Brit jihadi who was convicted of beheading US journalist Daniel Pearl is FREED by court in Pakistan
A BRITISH jihadi sentenced to death for the beheading of US journalist Daniel Pearl has been freed by a court in Pakistan.
Ahmed Omar Saeed Sheikh's acquittal by the Supreme Court comes months after a judges caused outrage by overturning the conviction and death sentence.
Sheikh, from Wanstead in East London, was one of four fanatics who were convicted of murdering Mr Pearl, who was kidnapped and butchered in Karachi in 2002.
Earlier this year Sindh High Court quashed Sheikh's death sentence for murder - instead giving him seven years' jail for kidnapping - and acquitted the other three men.
But December another court in Sindh decreed that all four should be released.
The four were held under emergency orders of the local government pending an ongoing appeal against the acquittals in Pakistan's Supreme Court by the Pearl family.
The Supreme Court has now rejected that appeal by 2-1 majority.

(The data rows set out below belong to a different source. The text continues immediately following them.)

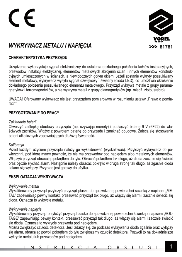 WYKRYWACZ METALU I NAPIĘCIA 81781 CHARAKTERYSTYKA PRZYRZĄDU Urządzenie wykorzystuje sygnał elektroniczny do ustalenia dokładnego położenia kołków instalacyjnych, przewodów instalacji elektrycznej, elementów metalowych zbrojenia ścian i innych elementów konstrukcyjnych umieszczonych w ścianach, a niewidocznych gołym okiem. Jeżeli zostanie wykryty poszukiwany element metalowy, wykrywacz wysyła sygnał dźwiękowy i świetlny (dioda LED), co umożliwia określenie dokładnego położenia poszukiwanego elementu metalowego. Przyrząd wykrywa metale z grupy paramagnetyków i ferromagnetyków, a nie wykrywa metali z grupy diamagnetyków (np. miedź, złoto, srebro). UWAGA! Oferowany wykrywacz nie jest przyrządem pomiarowym w rozumieniu ustawy „Prawo o pomiarach” PRZYGOTOWANIE DO PRACY Zakładanie baterii Otworzyć zaślepkę obudowy przyrządu (np. używając monety) i podłączyć baterię 9 V (6F22) do właściwych zacisków. Włożyć z powrotem baterię do przyrządu i zamknąć obudowę. Zaleca się stosowanie baterii alkalicznych zapewniających dłuższą żywotność. Kalibracja Przed każdym użyciem przyrządu należy go wykalibrować (wyskalować). Przyłożyć wykrywacz do powierzchni, pod którą mamy pewność, że nie ma przewodów pod napięciem albo metalowych elementów. Włączyć przyrząd obracając pokrętłem do tyłu. Obracać pokrętłem tak długo, aż dioda zacznie się świecić oraz będzie słychać alarm. Następnie należy obracać pokrętło w druga stronę tak długo, aż zgaśnie dioda i alarm się wyłączy. Przyrząd jest gotowy do użytku. EKSPLOATACJA WYKRYWACZA Wykrywanie metalu Wykalibrowany przyrząd przyłożyć przyrząd płasko do sprawdzanej powierzchni ścianką z napisem „METAL” zapewniając pewny kontakt, przesuwać przyrząd tak długo, aż włączy się alarm i zacznie świecić się dioda. Oznacza to wykrycie metalu. Wykrywanie napięcia Wykalibrowany przyrząd przyłożyć przyrząd płasko do sprawdzanej powierzchni ścianką z napisem „VOLTAGE” zapewniając pewny kontakt, przesuwać przyrząd tak długo, aż włączy się alarm i zacznie świecić się dioda. Oznacza to wykrycie przewodu pod napięciem. Można zwiększyć czułość detektora. Jeśli zdarzy się, że podczas wykrywania dioda zgaśnie oraz wyłączy się alarm, obracając powoli pokrętłem do tyłu zwiększamy czułość detektora. Pozwoli to na dokładniejsze wykrycie metalu lub przewodów pod napięciem. I N S T R U K C J A O B S Ł U G I 1 W przypadku nie stwierdzenia obecności przewodu pod napięciem w kontrolowanym obszarze należy dodatkowo upewnić się o sprawności wykrywacza poprzez sprawdzenie jego działania w miejscu, gdzie jest na pewno instalacja elektryczna pod napięciem. UWAGA! Nie będzie wykrywane napięcie w przewodach ekranowanych. W takim przypadku można wykryć jedynie metal. Pocieranie, lub uderzanie wykrywaczem o badaną powierzchnie może wytworzyć pole elektrostatyczne, które zafałszuje wynik detekcji. Uwaga! Ze względów bezpieczeństwa zaleca się sprawdzenie i zlokalizowanie przewodów instalacji elektrycznej pod napięciem przed innymi pracami, typu wiercenie, czy kucie. OCHRONA ŚRODOWISKA Symbol wskazujący na selektywne zbieranie zużytego sprzętu elektrycznego i elektronicznego. Zużyte urządzenia elektryczne są surowcami wtórnymi - nie wolno wyrzucać ich do pojemników na odpady domowe, ponieważ zawierają substancje niebezpieczne dla zdrowia ludzkiego i środowiska! Prosimy o aktywną pomoc w oszczędnym gospodarowaniu zasobami naturalnymi i ochronie środowiska naturalnego przez przekazanie zużytego urządzenia do punktu składowania zużytych urządzeń elektrycznych. Aby ograniczyć ilość usuwanych odpadów konieczne jest ich ponowne użycie, recykling lub odzysk w innej formie. 2008 Rok produkcji: Production year: Produktionsjahr: Год выпуска: Рік випуску: Pagaminimo metai: Ražošanas gads: Rok výroby: Rok výroby: Gyártási év: Anul producţiei utilajului: Año de fabricación: TOYA S.A. ul. Sołtysowicka 13-15, 51-168 Wrocław, Polska; Importator: TOYA ROMANIA S.A., Şoseaua Odăii nr 109-123, Bucureşti, Sector 1 2 I N S T R U K C J A O B S Ł U G I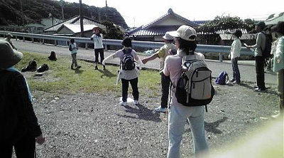 ![]() 今日は、約40人の参加を得て、田並駅〜串本無量寺までウォーク。狼おじさん、たっつんおじさん、阪本さん、蛙ちゃんとともにスタッフ参加。写真は、蛙ちゃん指導のもと、ストレッチ体操をする参加者たち。(文 けいちゃん) 隊員6名参加 |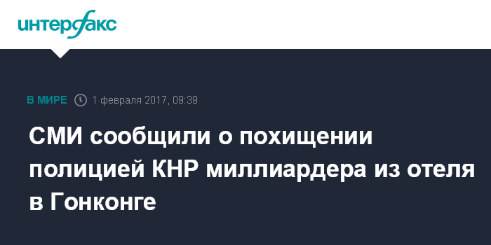 СМИ сообщили о похищении полицией КНР миллиардера из отеля в Гонконге

Sheikh and his co-accused are to be released immediately if they are not required in any other case, the head of the court panel, Justice Mushir Alam, said in a court order.

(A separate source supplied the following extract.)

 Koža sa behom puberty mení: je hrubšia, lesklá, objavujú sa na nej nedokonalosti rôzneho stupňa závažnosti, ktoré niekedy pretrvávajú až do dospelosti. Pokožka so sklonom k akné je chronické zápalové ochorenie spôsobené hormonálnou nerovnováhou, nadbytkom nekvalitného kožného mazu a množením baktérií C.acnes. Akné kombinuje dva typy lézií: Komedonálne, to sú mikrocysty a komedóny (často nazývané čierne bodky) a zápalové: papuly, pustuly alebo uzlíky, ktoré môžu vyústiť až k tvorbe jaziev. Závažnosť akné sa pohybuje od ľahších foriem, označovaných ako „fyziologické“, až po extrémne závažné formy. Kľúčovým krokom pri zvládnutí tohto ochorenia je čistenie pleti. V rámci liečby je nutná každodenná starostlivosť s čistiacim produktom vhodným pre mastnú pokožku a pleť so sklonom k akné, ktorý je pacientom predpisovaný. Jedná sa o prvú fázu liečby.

The Pearl family’s lawyer, Faisal Siddiq said they were in "complete shock by the decision".
“No amount of injustice will defeat our resolve to fight for justice for Daniel Pearl,” he said.
'COMPLETE SHOCK'
But experts believe the case against Sheikh had been flawed from its early stages and the Supreme Court had likely made its decision on legal procedural issues.
Mr Pearl, 38, was the Wall Street Journal's South Asia bureau chief, based in Mumbai, India.

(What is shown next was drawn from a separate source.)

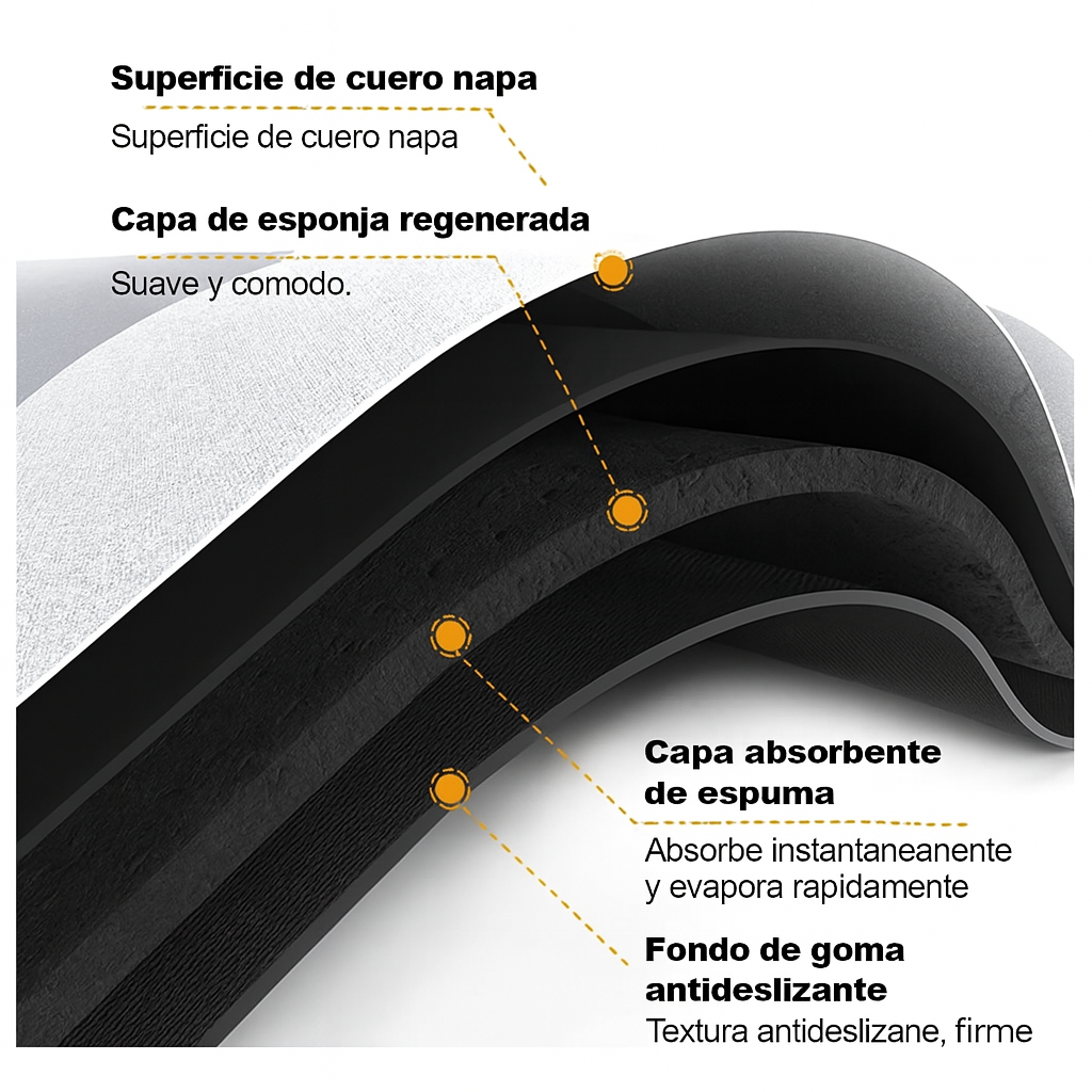 Superficie de microfibra/tejido premium de secado rápido.

He was in Pakistan investigating Islamist terrorism and between al-Qaeda and British jihadi Richard Reid, who tried to blow up a Miami-bound flight with explosives in his shoes.
A graphic video showing his decapitation was delivered to the US consulate nearly a month after the journalist was abducted.
Sheikh, who once studied at the London School of Economics, was a seasoned jihadist who had been involved in previous kidnappings of foreigners in Pakistan.
He was arrested days after Mr Pearl's abduction and later sentenced to death by hanging.
In January 2011, a report released by the Pearl Project at Georgetown University made chilling revelations, claiming that the wrong men were convicted for Pearl's murder.
The investigation was led by Pearl's friend and former Wall Street Journal colleague Asra Nomani and a Georgetown University professor.
They claimed the real killer was Khalid Sheikh Mohammed, the alleged mastermind of the attacks on New York and Washingon on September 11, 2001.